I developed an itchy spot on my left wrist. Which is a new one for me. It started several months ago back when Kentucky weather revisited the 30s at least one day every week. So I dismissed it as dry skin.
Well, not really. I hoped it was just dry skin because I don't need a new weird place for a stress rash. Altho at least my wrist is less awkward to scratch than my go-to stress rash spot (lower abdomen). Still annoying, tho.
It was always one particular spot. Every few weeks I'd inspect it for any sign of a splinter or scab or scratch that wasn't healing. "No, that's a freckle. Wait. Nope, freckle. Is that a freckle? I can't even tell anymore." They're all freckles. You'd be amazed how many freckles a pasty pale nerd girl can have in a one inch square spot on her wrist. Then I'd dig around with the extra pointy tweezers. I never found anything. So I'd lotion up again and start the process over in two to four weeks.
But I was sure it was a new and strange stress rash. Thanks, anxiety.
Earlier this week I was scratching it and inspecting the spot and it looked like there was actually something there. So when I got home from work I dug around with the tweezers and sliced down through several layers of skin and other misc wrist matter and there was something. And I pulled it out. And it was one of those things that as soon as you pull it out it's gone. It's not stuck in the tweezers but it didn't fall out of the tweezers either. It's like when an illusionist makes the Statue of Liberty disappear only really way less impressive.
So there was something in my wrist and now it's gone and I don't know what it was. I also have no idea why it wasn't visible until this week. So many mysteries. Very dull mysteries. And yet I have theories:
It was a tiny ingrown hair. My arm hair is very light, so one could plausibly hide behind a freckle or just be really hard to see except in the right light at the exact right angle.
Some odd foreign matter got into a small scratch and the scratch closed up over it but it irritated and irritated and maybe my immune system tried to encase it until it could push the alien bit out. Which sounds crazy, I know, but I actually had that happen years ago when a trichome from the evil vine I was pulling off of my back fence got inside a knuckle of my right hand via a scratch from the weeding process. The knuckle swelled and itched and looked pretty nasty. I had to take a special antibiotic to encase the plant fiber in a scab prison and wait until the scab naturally fell off. (I did not wait. I picked that scab off as soon as I could.)
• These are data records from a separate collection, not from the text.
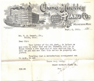 Title (ebay affiliate link): Illustrated Advertising Letterhead, Chase - Hackley Piano Co.,Muskegon,Mich.
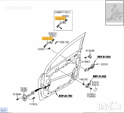 826513S210,826523S010,дръжка хром предни врати HYUNDAI SONATA I45 10/2010 – 2014
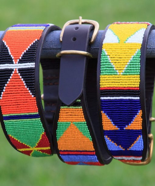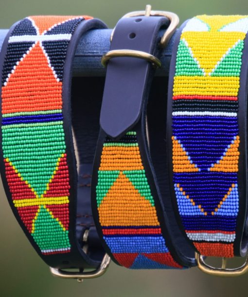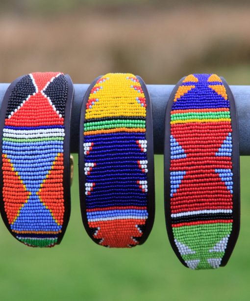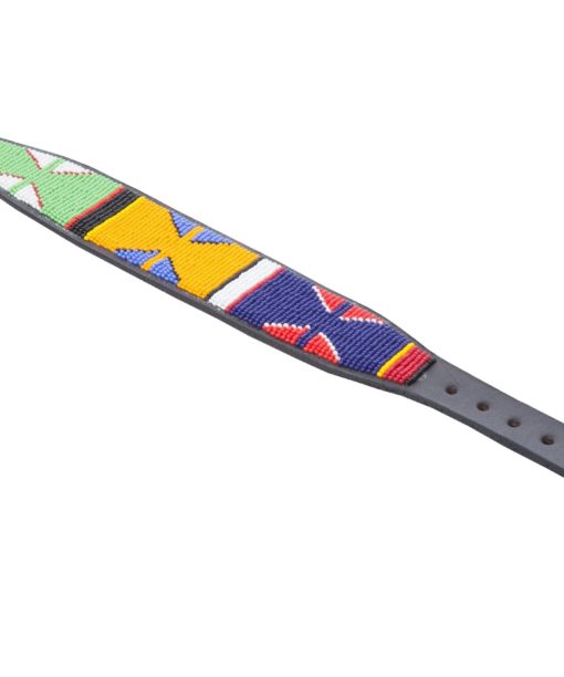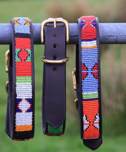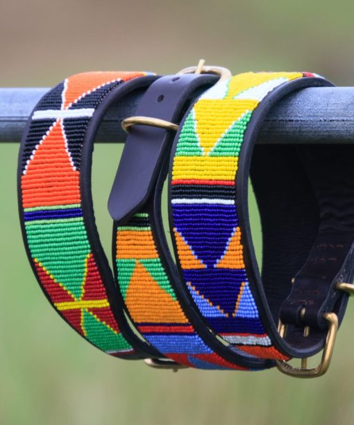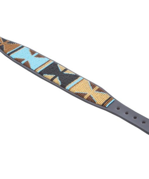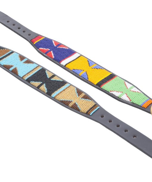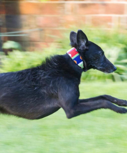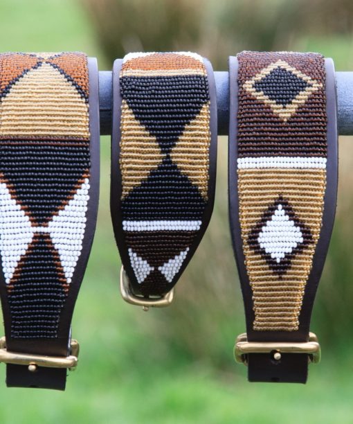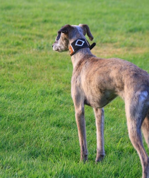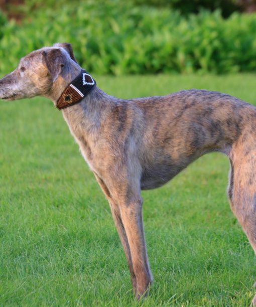 A fine collar suitable for a Lurcher dog, 12″ long and 2″ wide. All beading is individually handcrafted so patterns vary.
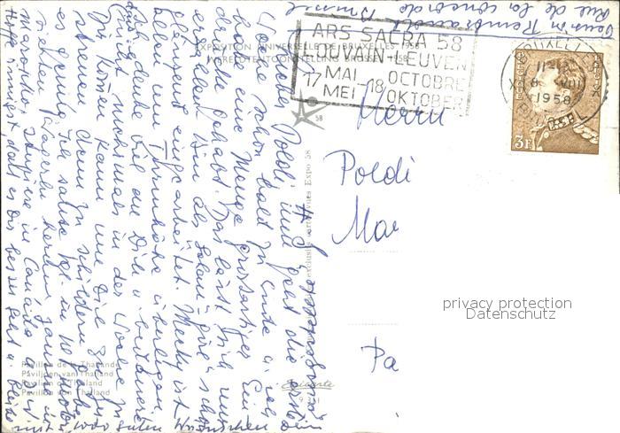 alte Postkarte Exposition Universelle Bruxelles 1958 Pavillon de la Thailande postalisch gelaufen Erhaltung siehe scans
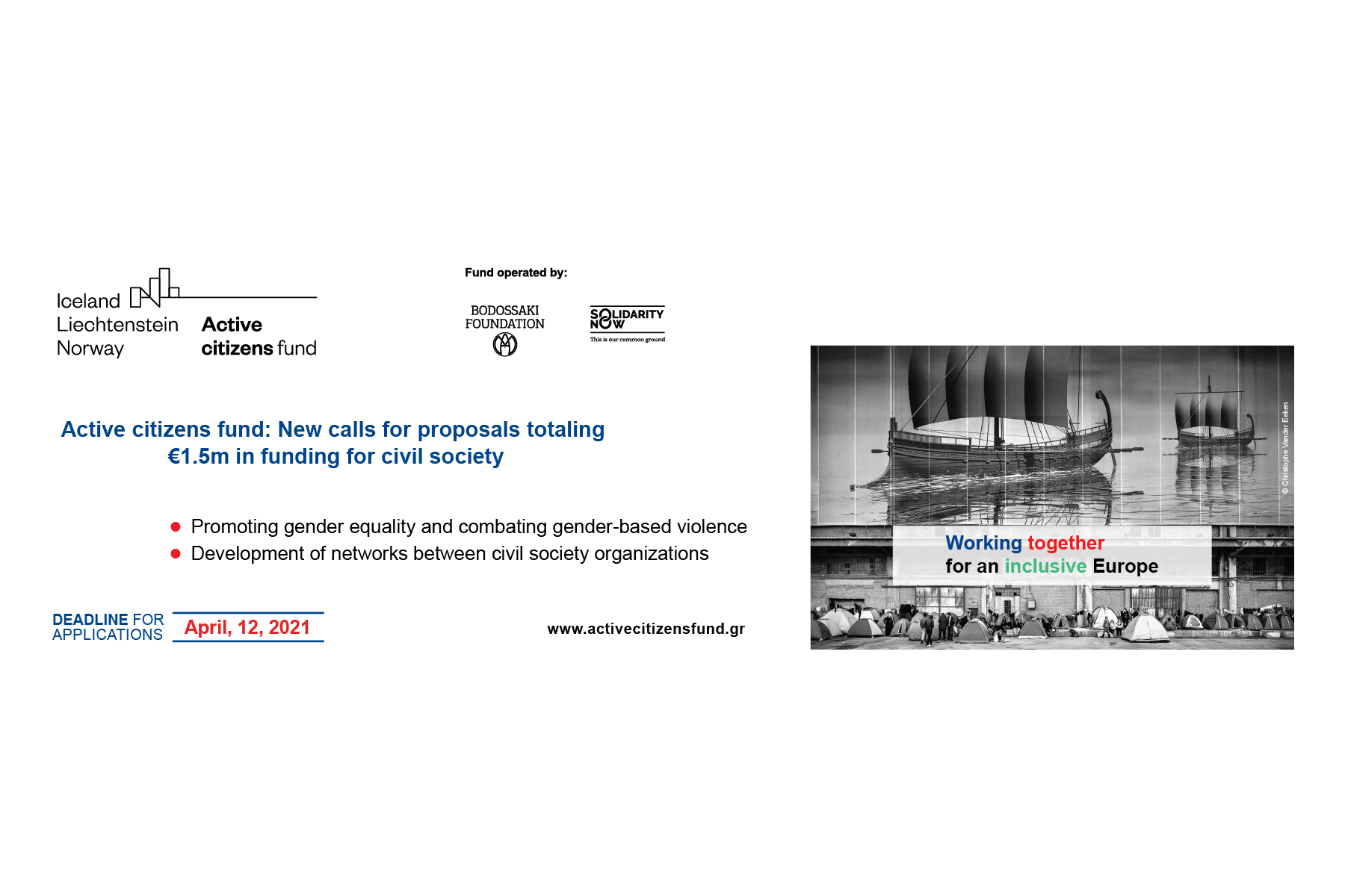 The Bodossaki Foundation and SolidarityNow, in their capacity as the Fund Operator of the Active Citizens Fund programme in Greece, which has already allocated over € 7 million to support Civil Society, announces two open calls for proposals: “Gender equality promoted and gender-based violence combatted” and “Platforms and networks among CSOs developed”.

It was a stress rash all along. The little bit of whatever was a recent bit which just happened to be very very near the itchy spot. It's just a sadistic mind game by, well, my mind. Which is also plausible because since my wrist stopped itching my usual just-below-my-navel stress rash is back. Either the bit I pulled out or the change in stress rash spots is a coincidence.
These are the three most likely options I've come up with. I have clearly spent way too much time thinking about it.
I don't actually have a Pardon My Metaphor for this. Yet. The linear obvious one is to keep trying, look below the surface, don't accept the easy answer yadda yadda. I'm sure when I do metaphor the wrist-itch, several years or even decades from now, it will relate to climate change or my battles with Kentucky retirement system (whatever version hasn't gone bankrupt or declared illegal by the state supreme court).
So check back in a few years. I'll try to keep using the Pardon My Metaphor tag, at least until I forget.
If you're in any of the areas in excessive crazy heat advisory -- most of the bottom half of the continental US and parts of the northern half too -- take care. It's going to be a long sizzling hot summer. You have months to get heatstroke. Don't rush it.
p.s. It's been a bad week as you may have guessed form the last post. I'm trying to keep it light, make a few lame jokes -- for myself as much as for y'all readers. As always, I understand if you want to skip these difficult days. I'd love to skip out on them myself. I can learn whatever lessons the universe is trying to beat into me at the next bad bright summer.